• _ASSIGNED TASK_
In the records below, begin at the line containing "Franklin Iron Works" and end at the line containing "Entering the Music"; quote every line in that span exactly, including both boundary lines, and no others.

• _THE DATA_
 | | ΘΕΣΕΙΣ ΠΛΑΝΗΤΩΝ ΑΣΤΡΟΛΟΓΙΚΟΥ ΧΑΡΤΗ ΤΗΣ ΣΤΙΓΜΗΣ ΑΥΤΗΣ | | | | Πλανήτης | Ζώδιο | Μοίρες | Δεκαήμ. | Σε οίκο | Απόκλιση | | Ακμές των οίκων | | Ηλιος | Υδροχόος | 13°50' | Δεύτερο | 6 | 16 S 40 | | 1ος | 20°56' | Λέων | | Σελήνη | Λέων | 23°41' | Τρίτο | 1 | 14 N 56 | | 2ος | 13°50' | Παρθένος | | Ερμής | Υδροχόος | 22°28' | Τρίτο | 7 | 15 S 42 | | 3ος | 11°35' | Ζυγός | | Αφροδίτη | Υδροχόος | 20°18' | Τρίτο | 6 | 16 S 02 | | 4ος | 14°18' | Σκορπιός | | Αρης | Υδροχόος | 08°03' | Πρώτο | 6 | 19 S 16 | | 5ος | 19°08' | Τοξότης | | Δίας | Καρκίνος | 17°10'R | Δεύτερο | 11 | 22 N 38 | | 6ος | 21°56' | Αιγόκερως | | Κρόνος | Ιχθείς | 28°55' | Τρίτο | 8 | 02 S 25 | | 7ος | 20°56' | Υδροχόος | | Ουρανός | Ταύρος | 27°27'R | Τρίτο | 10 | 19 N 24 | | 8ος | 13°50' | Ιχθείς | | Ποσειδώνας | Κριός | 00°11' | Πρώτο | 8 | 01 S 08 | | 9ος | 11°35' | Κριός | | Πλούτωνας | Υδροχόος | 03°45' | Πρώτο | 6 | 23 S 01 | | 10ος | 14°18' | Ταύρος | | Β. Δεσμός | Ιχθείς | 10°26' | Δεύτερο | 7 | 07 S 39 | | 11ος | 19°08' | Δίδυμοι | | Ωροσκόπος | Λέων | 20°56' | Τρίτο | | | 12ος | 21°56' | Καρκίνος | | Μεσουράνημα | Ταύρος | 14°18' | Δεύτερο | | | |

* * *

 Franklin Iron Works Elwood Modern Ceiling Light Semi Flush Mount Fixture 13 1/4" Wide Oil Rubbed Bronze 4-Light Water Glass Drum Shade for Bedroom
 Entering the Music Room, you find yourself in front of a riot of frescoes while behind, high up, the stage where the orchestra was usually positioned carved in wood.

• _SOLUTION TO THIS TASK_
 Franklin Iron Works Elwood Modern Ceiling Light Semi Flush Mount Fixture 13 1/4" Wide Oil Rubbed Bronze 4-Light Water Glass Drum Shade for Bedroom
 Entering the Music Room, you find yourself in front of a riot of frescoes while behind, high up, the stage where the orchestra was usually positioned carved in wood.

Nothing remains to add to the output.